These inspirational athletes remind us that Olympians are human too

Technology Eye | Aug. 22, 2016

The Olympics is home to hundreds of super-humans—athletes whose masterful skill, power, and speed far surpass the believed limits of the human body. But there are also plenty of ordinary people competing in the Rio de Janeiro games this year.

These other athletes never reach the podium. They perform against the odds and fail—sometimes dramatically. But driven by of a love of sport and country, they do it anyway, and in the process offer an inspiring reminder that some Olympians are—almost—just like us.

1. Dan Craven, the unexpected time trialist No skinsuit, no problem.(Reuters/Paul Hanna)

Craven, a national road cycling champion from Namibia, came to Rio planning to compete only in the men’s road race, a 237.5 kilometer-long course with with brutal climbs, uneven cobbles and tough descents. But when a slot appeared in the men’s time trial, organizers asked Craven if he wanted to give it a shot. He didn’t have the right bike, or suit, but went for it anyway.

Craven finished dead last in the time trial on Aug. 10, but took it like the pro that he is: “If someone thinks I’m going to be embarrassed here, today, they have no idea what I’ve been through,” he told VeloNews . “You should know what salary I’ve ridden for in the past. This isn’t embarrassing, that was embarrassing.”

“I’m such a proud Namibian. I love my country… I can say I competed in an Olympic time trial,” he also said, according to USA Today .

2. Robel Kiros Habte, the ungainly swimmer

Swimmers are known for their physiques: a muscular upper body, broad shoulders and arms, a narrow waist, and, if you’re Michael Phelps , a vast wingspan. Not so, in the case of Ethiopia’s 24-year-old Robel Kiros Habte .

Habte received rapturous applause from the crowd when he competed in the Olympic men’s 100-meter freestyle heat on Aug. 9. He finished 59th out of 59 swimmers, half a lap behind his competitors. Some audience members drew comparisons to Eric Moussambani from Equatorial Guinea, who completed the 100-meter freestyle in the 2000 Sydney Olympics in 1 minute and 22.7 seconds—a time more than double that of his fastest rivals, but a personal and national best nonetheless.

According to Reuters , Habte secured his spot at the Games thanks to an invitation from the sport’s international governing body FINA for athletes from under-represented countries. “Every day you wake up in Ethiopia, you run.
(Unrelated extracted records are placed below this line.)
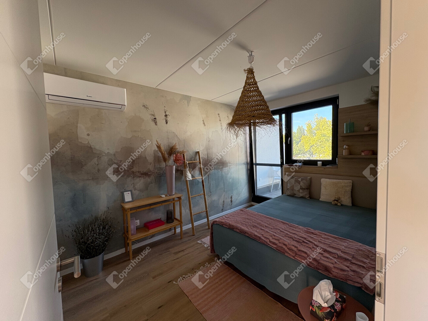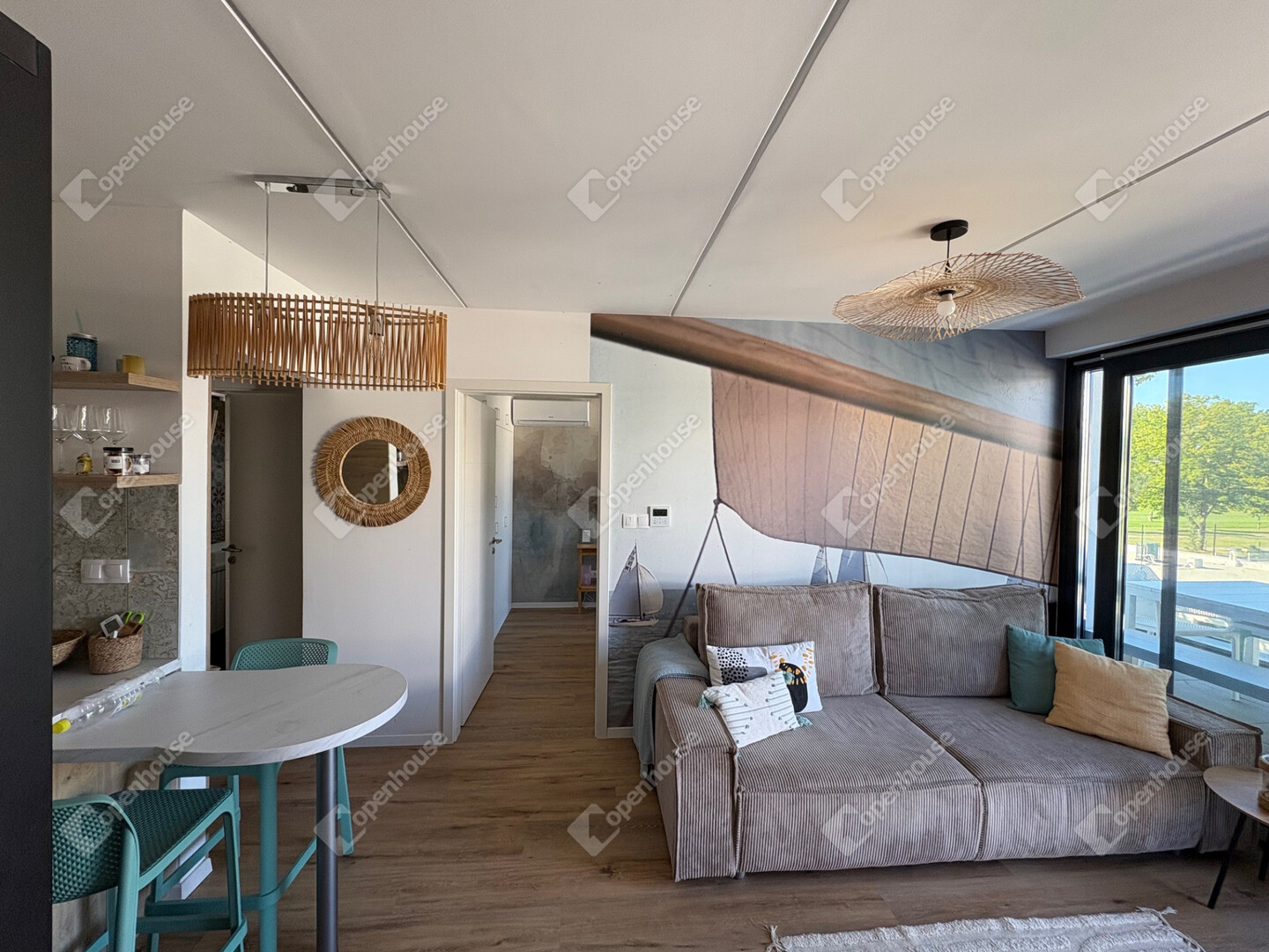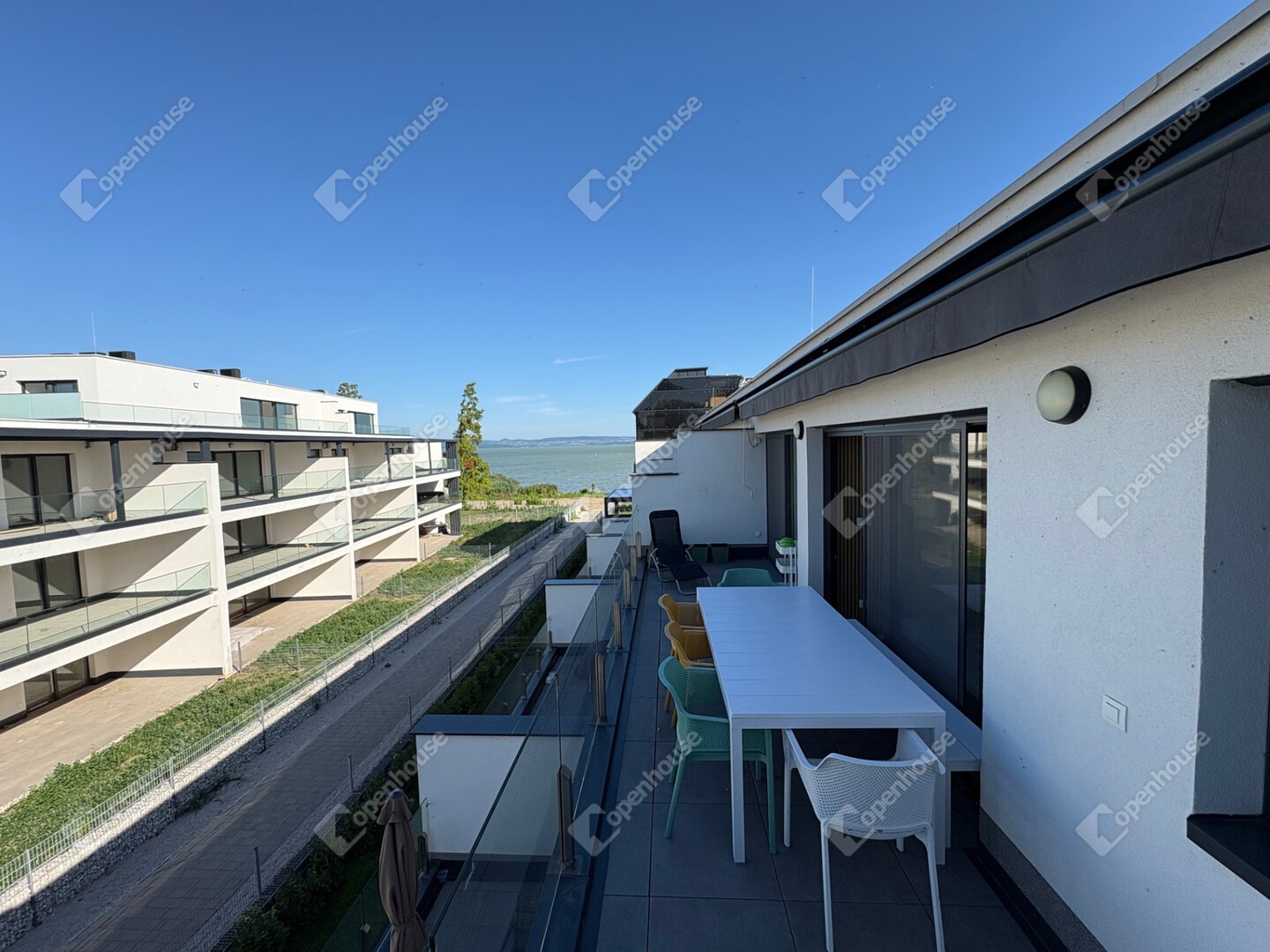 A 2023- ban átadott 54 nm-es lakás a második emeleten található , Balatonra néző panorámával.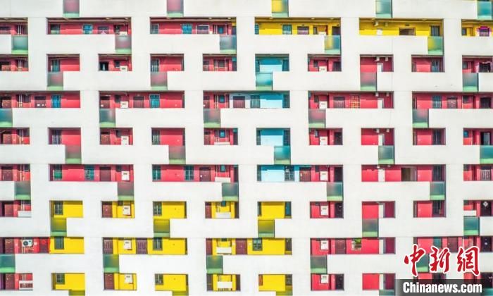 图为被粉刷成红色、黄色、蓝色、白色的“迷宫楼”。 殷缘 摄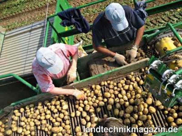 Die neuen Modelle zeichnen sich zudem durch zahlreiche Detaillösungen aus, die für einen schonenden Gutfluss sorgen. So kommt jetzt ein neuer Taschenförderer zum Einsatz, der die Kartoffel schonend und ohne jede Fallstufe auf den Verlesetisch fördert. Der Verlauf von Übergabebereichen wurde konsequent abgeflacht. Auch am Verlesetisch wurde der Materialfluss optimiert. Hier sorgt jetzt eine Gummiüberleitwalze für einen schonenden Materialfluss. Der Einsatz des Taschenförderers bringt einen um 35 cm verlängerten Verlesebereich und ermöglicht komfortables Arbeiten am waagrechten Verlesetisch.
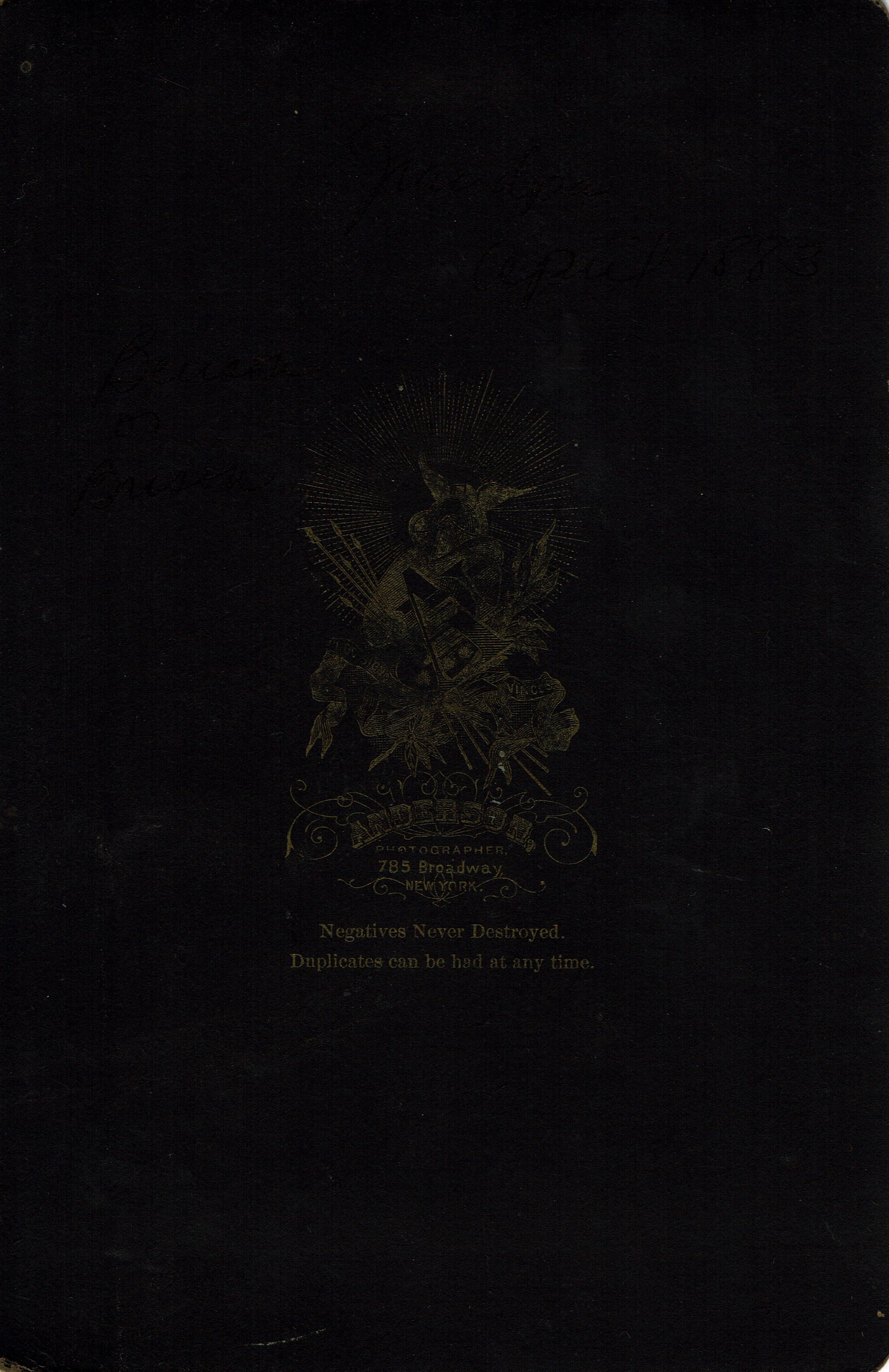 Photograph identified as either Grandpa Brison or Benson dated April 1883. Taken at Anderson Photography Studio, 785 Broadway, New York, New York.Photograph Details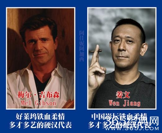 姜文和梅尔·吉布森都是硬汉演员代表,极具阳刚之气。两人都是个性十足的演员兼导演,很有想法并且都十分成功,甚至可以说说导演比演员更成功,姜文 的《阳光灿烂的日子》和《让子弹飞》,梅尔吉布森的勇敢的心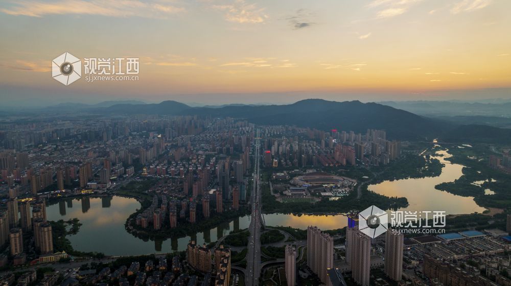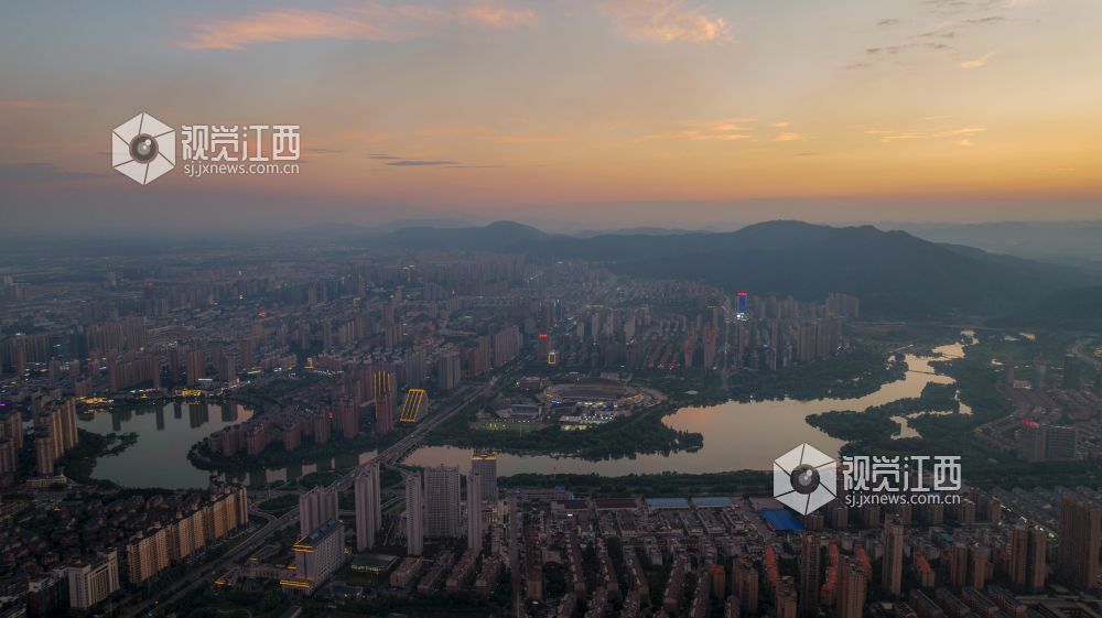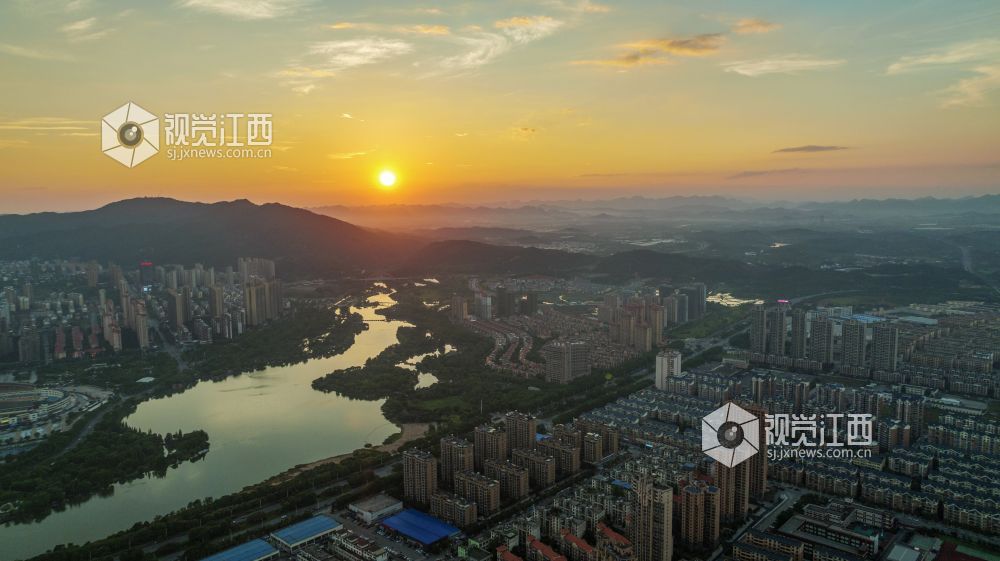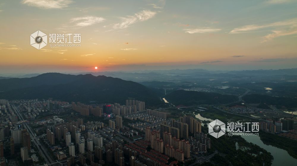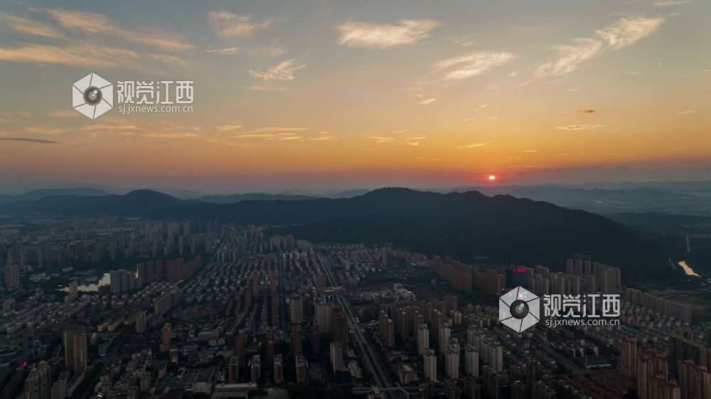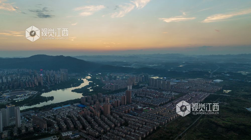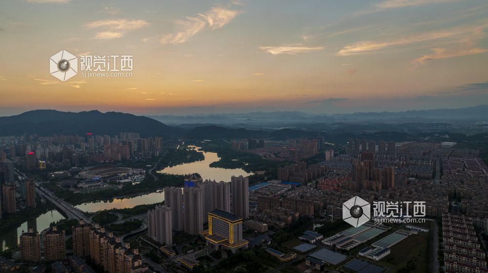 江西新余:晚霞映照城市美丽如画

Not swimming. But I didn’t want to run, I wanted to be a swimmer. It didn’t matter where I finished,” he told Reuters.

3. Nadezhda Bazhina, the “calamitous” diver

“Oooh… Wow, that’s calamitous!”

A BBC commentator pulled no punches when assessing Nadezhda Bazhina’s fall in the three meter springboard preliminary round on Aug. 12. The Russian diver, who has won multiple medals in European championships, was awarded zero points for her efforts, after one foot slipped off the diving board during takeoff, causing her to back-flop into the water. The mishap cost her the semi-finals.

4. Tsepo Mathibelle, the chosen one

Mathibelle hails from Lesotho, a country that has never won an Olympic medal. The 24-year-old finished last in the men’s marathon at the 2012 Games in London with a time of 2 hours, 55 minutes and 54 seconds, 47 minutes behind the gold medalist, Stephen Kiprotich of Uganda.

In the four years since, the Mathibelle’s fortunes have transformed . He was picked by Samsung to be one of the faces of its Rio 2016 campaign, which gave him training equipment and money to live on according to the Wall Street Journal (paywall). Prior, Mathibelle “could barely afford to buy protein to include in his diet,” the Journal reports.

His time comes in the men’s Olympic marathon on Aug. 21. With good fortune and hard work behind him, Mathibelle hopes to stride into Rio’s Sambadromo and beat his personal best of 2 hours, 15 minutes and 39 seconds. Kenya’s Eliud Kipchoge is the current favorite to win, having completed this year’s London Marathon in 2 hours, 3 minutes and 5 seconds—the current men’s course record.

Mathibelle remains undeterred. “The only thing that will stop me is the finish line,” he told NBC.